I didn't mean "we'll never have new libraries again".

My point is that if a dev can't use a tool with the help of GPT or Claude, that tool starts off at a disadvantage.

Innovation can still happen. It just has to fight harder for attention now.

> We will never have a substantial API change to an existing library either, since there will be no training data for it.

If an update breaks the LLM's ability to assist, devs might avoid upgrading until the models catch up. It creates a weird lag where the old API is more AI-friendly than the new one, even if the new one is technically better.

Just look at React Router (Remix). It's a pain having to constantly tell the AI which version you're using. Sometimes you spend more time correcting the AI than writing actual code. (https://x.com/rafalwilinski/status/1924155117172838838)

So yeah, changes can happen. But now they need to account for how LLMs will interpret and support them, not just how humans will.

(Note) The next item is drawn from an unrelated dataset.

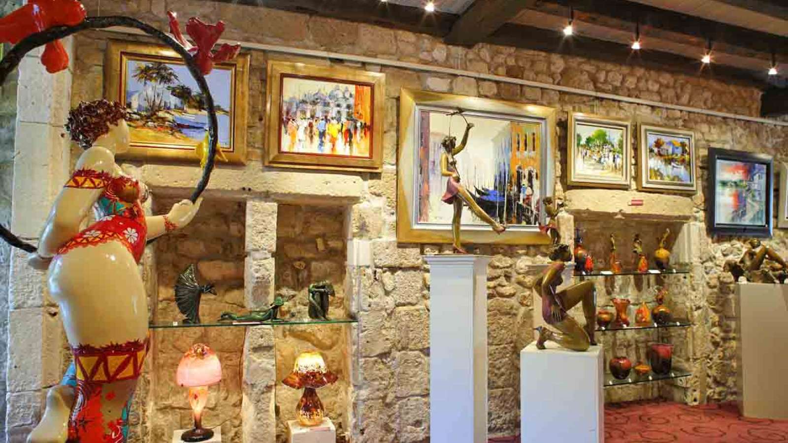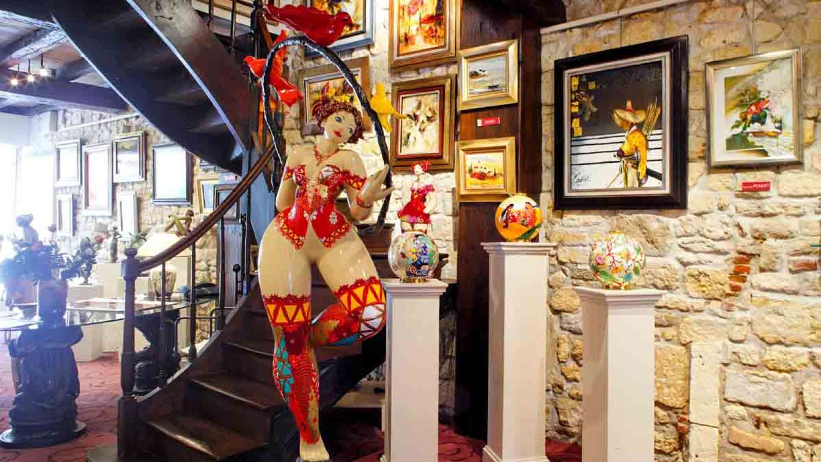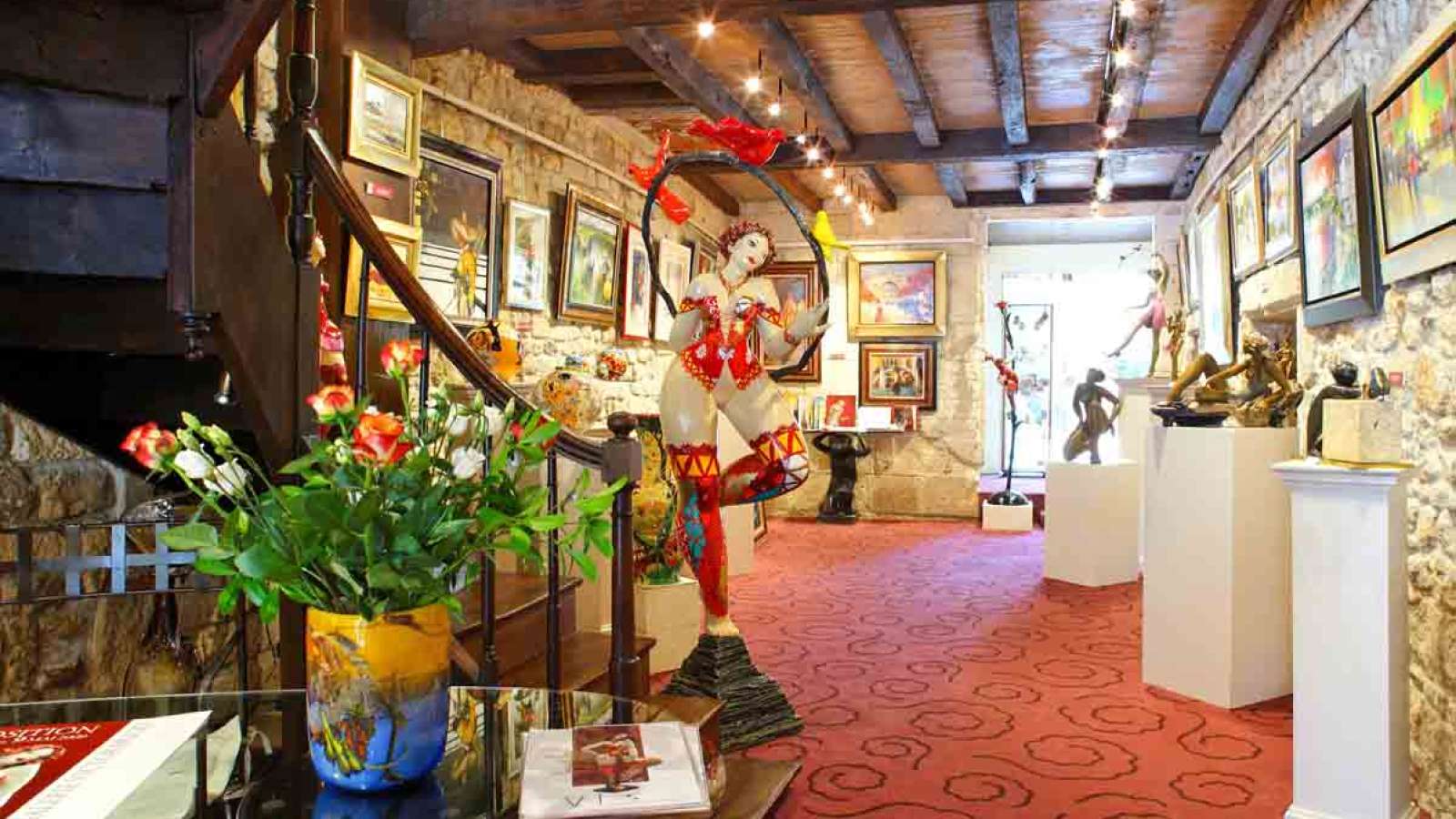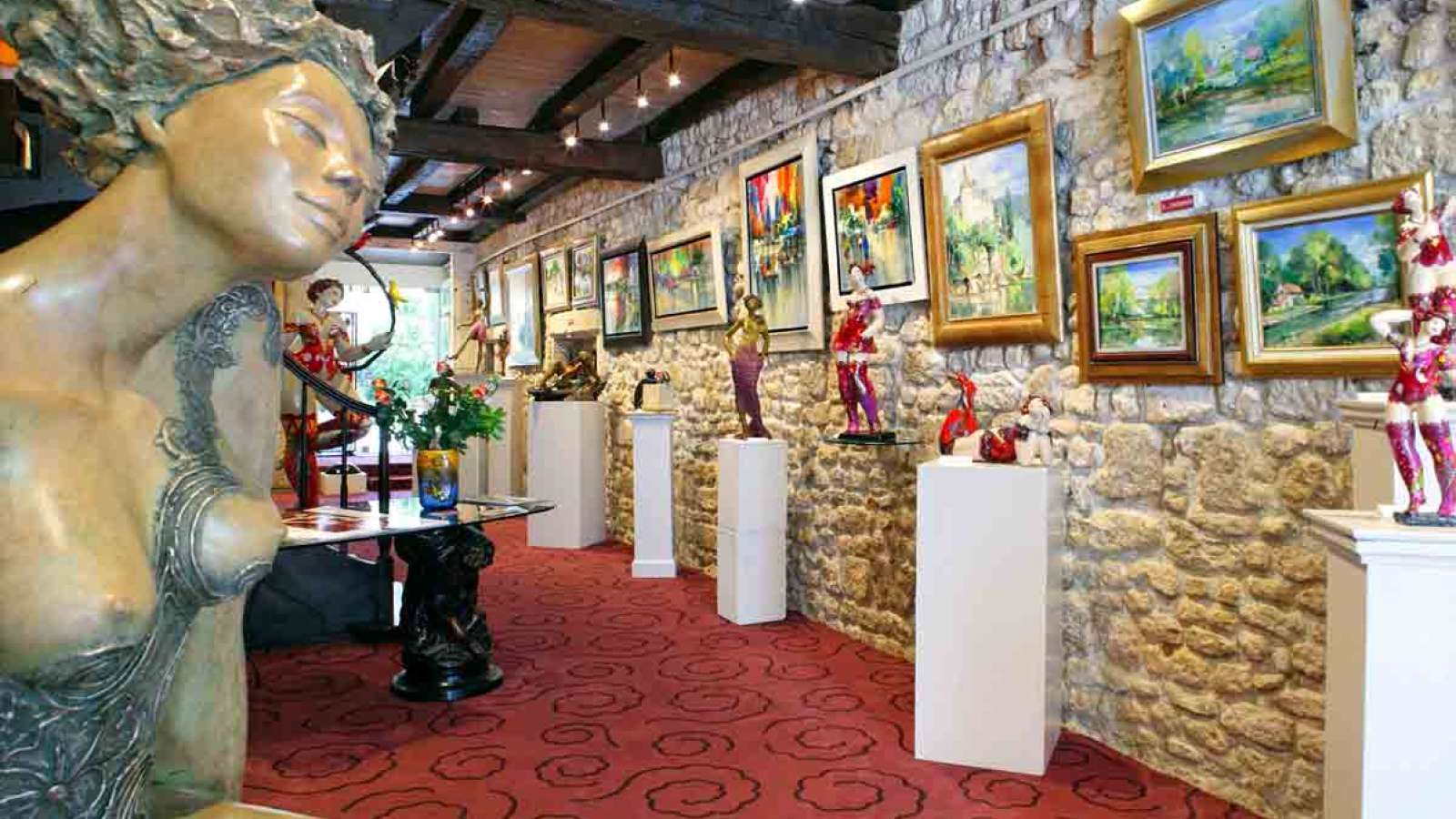 Les peintures de : BLIGNY, CARRON, COQUILLAY, COROMINAS, DONNAT, A.JANSEN, LUDIVINE, MESSAGGIO, Raymond POULET, R. de PRÉMARE, A.RAUTUREAU,JC ROY, SCHVAN, TEIXIDO, VALADIÉ ; Les sculptures de : JOSEPHA, MIROGI, De SUTTER, De BLOCK; les œuvres des maîtres verriers: GAMBIER, MATHELIN,PIERINI ainsi que les émaux de Longwy vous séduiront. Vous serez conseillés et accompagnés dans votre choix.

Who's gonna provide the training data for thew new version if nobody updates?
I think we're still suffering from Win32 and stdio in 2025.

The AI we've got (LLMs) are going to homogenize everything. It may be that new libraries never get written, or at least don't become popular, but that's kind of true today. I do think that LLMs will keep newbies from making both horrible and interesting mistakes, and will keep the experienced from making interesting judgements. Everything will look the same. We'll finally get the "consistency" in interfaces we've always said we wanted.